Environment

Published — February 26, 2009 Updated — May 19, 2014 at 12:19 pm ET

The “soft underbelly” of development?

Alternative septic systems a troublesome fix for rural areas

Introduction

Diana Johns says she would not have bought her home in Leesburg, Virginia, if she had known it operated on an alternative septic system, which can be seen in background. (Amy Reinink)

Diana Johns had just moved into her four-bedroom, 6,500-square-foot Leesburg, Virginia, home in 2002 and was thrilled with its elegant pillars, golf-course views, and expansive, sunny rooms. But the bleating alarm tied to the home’s “nonconventional” septic system signaled that beneath the surface, something was terribly wrong.
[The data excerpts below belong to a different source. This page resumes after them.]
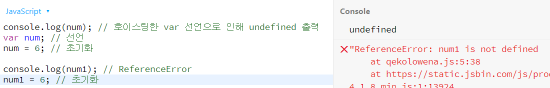 예제 2와 같이 JavaScript는 초기화를 제외한 선언만 호이스팅한다. 변수를 먼저 사용하고 그 후에 선언 및 초기화가 나타나면, 사용하는 시점의 변수는 기본 초기화 상태(var 선언 시 undefined, 그 외에는 초기화하지 않음)입니다.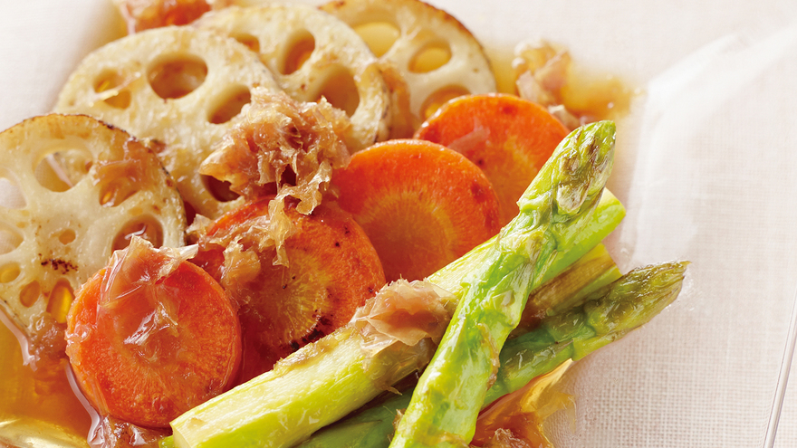ごま油で香ばしく焼いた野菜を削り節入りの漬け汁に漬けるだけ。和風味がじんわりしみ込みます!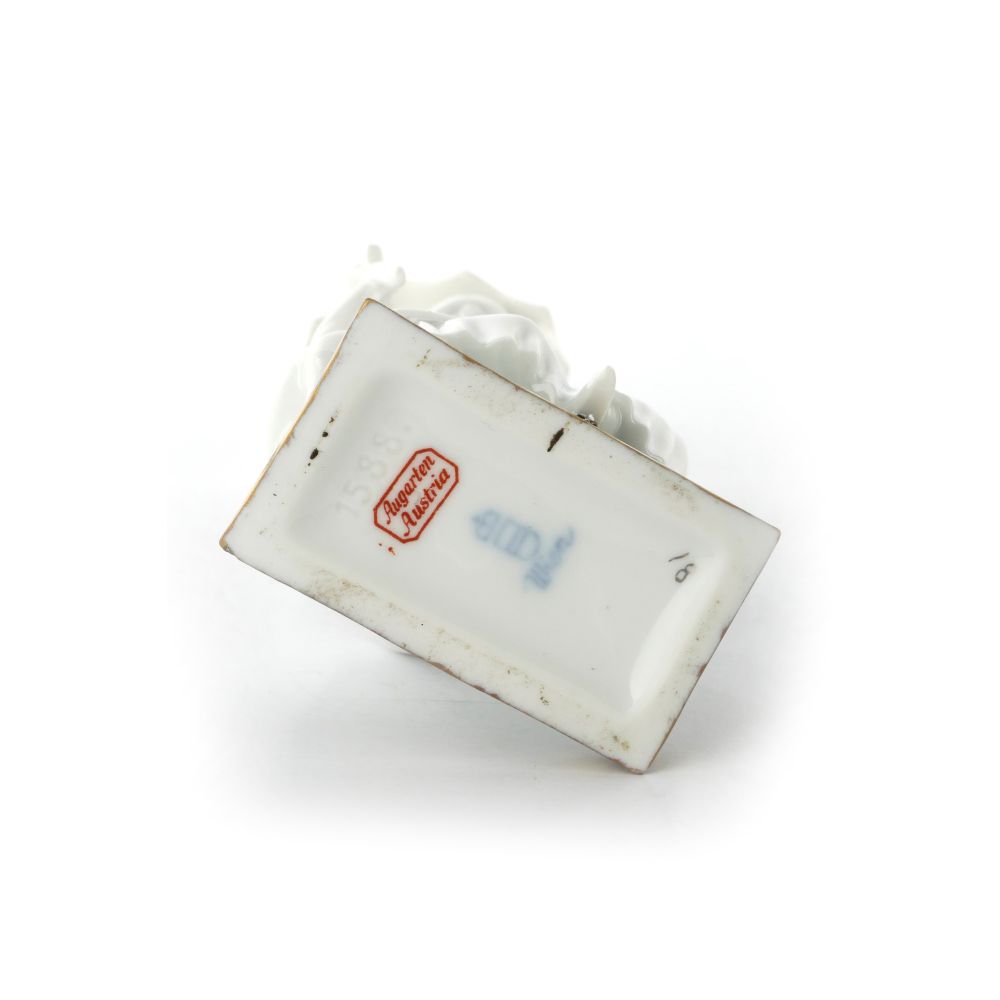 12 x 5,5 x 3,2 cm su base policroma. Su disegno Herta Bucher, manifattura Augarten Vienna. Marchi di fabbrica in blue e rosso sottosmalto, numero dell'autore e del decoratore incusso nella pasta e in oro.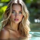 The image features a stylish woman with short, wavy hair. She poses elegantly in a colorful, geometric-patterned dress against a bright, modern backdrop, exuding confidence and grace.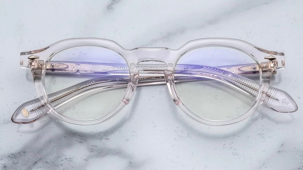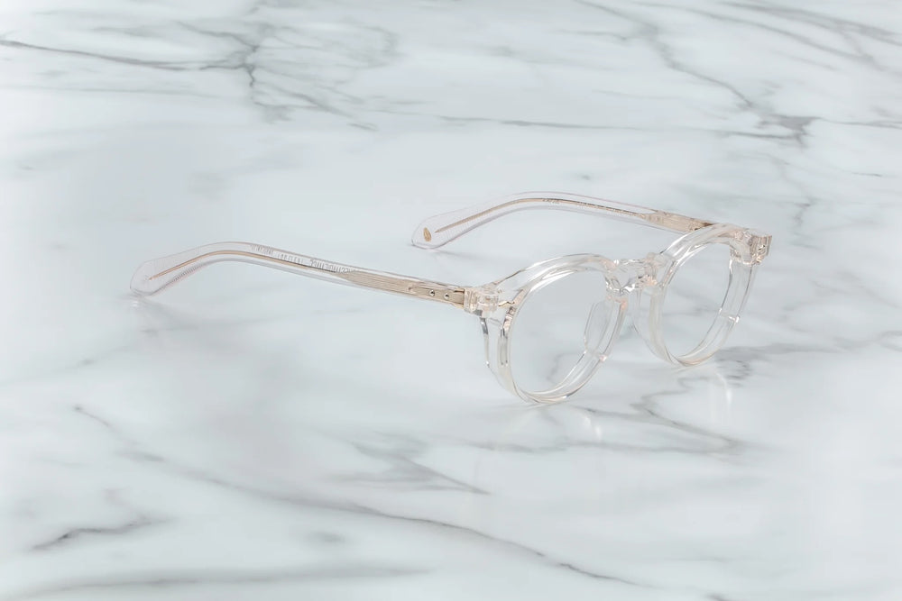 Elegant transparent crystal round frames with a sophisticated vintage-inspired design. The frame features a translucent grey acetate construction with subtle feminine curves yet maintains a unisex appeal. The clean lines and minimalist aesthetic give these glasses a modern yet timeless look. The frame appears to be well-balanced with medium thickness throughout and smooth finishing on all edges. Notable for its crystal-clear appearance that adds a lightweight and sophisticated feel to the overall design.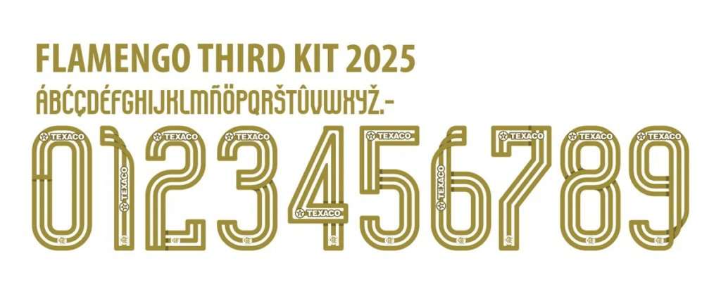 A fonte desenvolvida pela Adidas para o terceiro manto do Flamengo em 2025 é uma verdadeira declaração de modernidade. Ela apresenta traços robustos e angulares, com “cortes” estratégicos que sugerem movimento e dinamismo.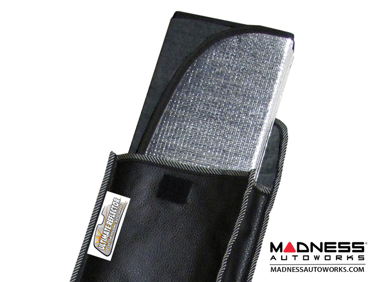 The Intro-Tech Automotive Ultimate Reflector™ Custom Folding Auto Shade is manufactured using a superior quality multi-layered material with a reflective mylar heat barrier that reflects harming UV rays.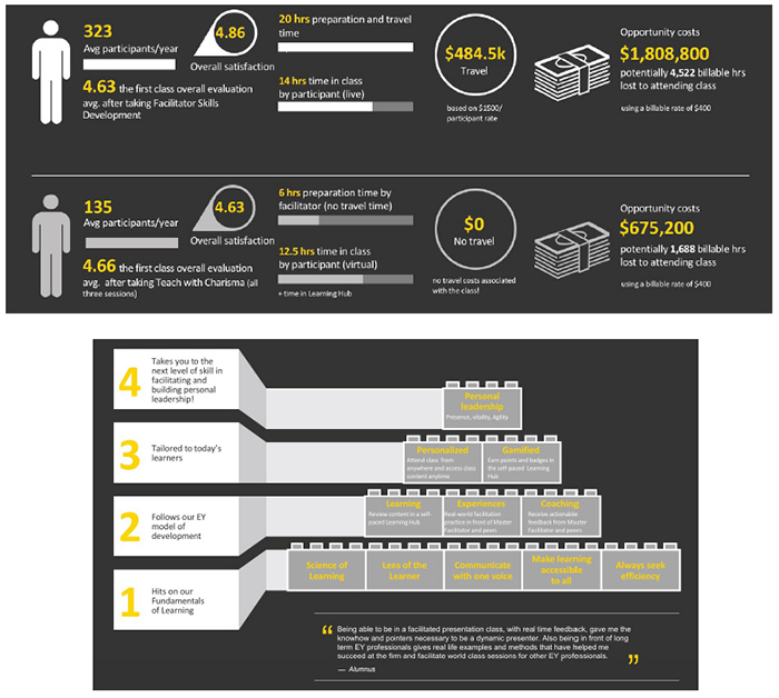 This global consulting firm has a strong culture of “reaching down the ladder”, and an unwritten rule that if you don’t teach and share your knowledge to help others, it will be harder to make partner. Their facilitator skills development course was traditionally the firm’s highest-rated and most popular course, one that participants loved dearly. It taught the basics of teaching to associates who would then go out into the employee population and lead classrooms of their own.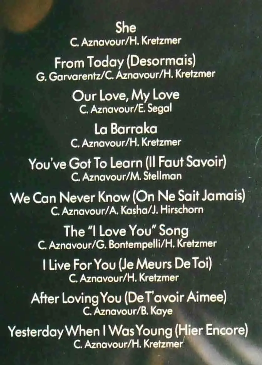 LP Charles Aznavour: A Tapestry Of Dreams (Barclay 90 003) UK 1974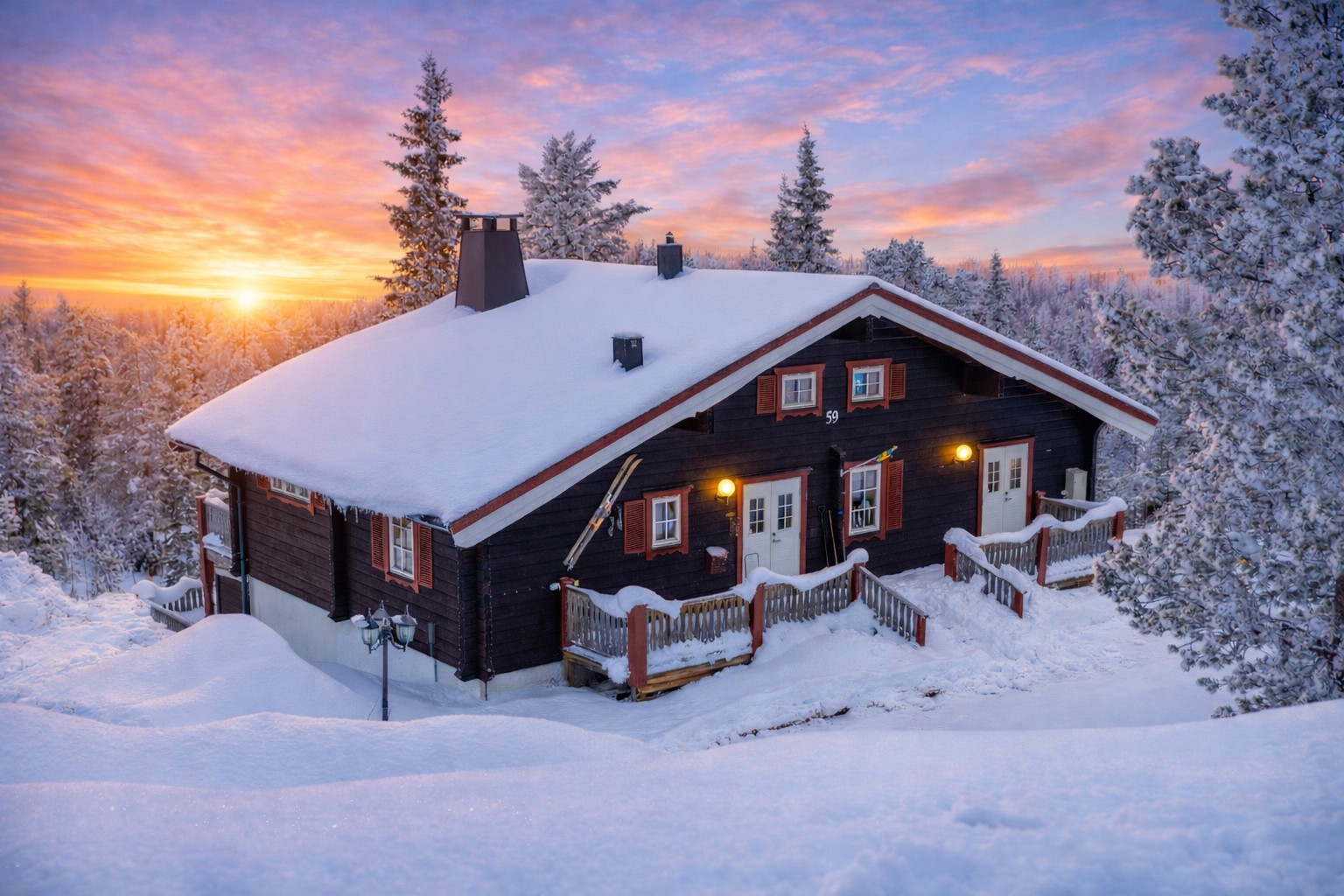 Med ett av Sälens bättre lägen ligger detta attraktiva fritidshus med plats för den stora familjen. Genomgående sociala ytor och separat uthyrningslägenhet om så önskas. Till huset hör skoterförråd.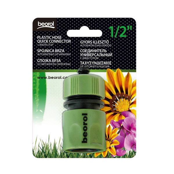 Spojnica brza 1/2″ sa automatskim zatvaranjem je adapter za spajanje creva sa brzom spojnicom i automatskim zatvaranjem izrađen od kvalitetne ABS plastike.

An inspection revealed that excessive water use and other possible factors had caused the septic system to back up with untreated wastewater. Inspectors told the family — Diana Johns, her husband, Gregg, and their four boys — that if they cut their water use, stopped using the builder-installed garbage disposal, used only environmentally friendly cleaning products, and had the system serviced frequently, it should work just fine.

Johns pored over the documents she received when she bought the house new from M/I Homes and found information about “every single thing in the house, including the garbage disposal,” but nothing about the septic system except a maintenance company’s phone number. “Nobody told us about any of this stuff when we moved in,” Johns said, adding that had she known, “I absolutely wouldn’t have bought this house.”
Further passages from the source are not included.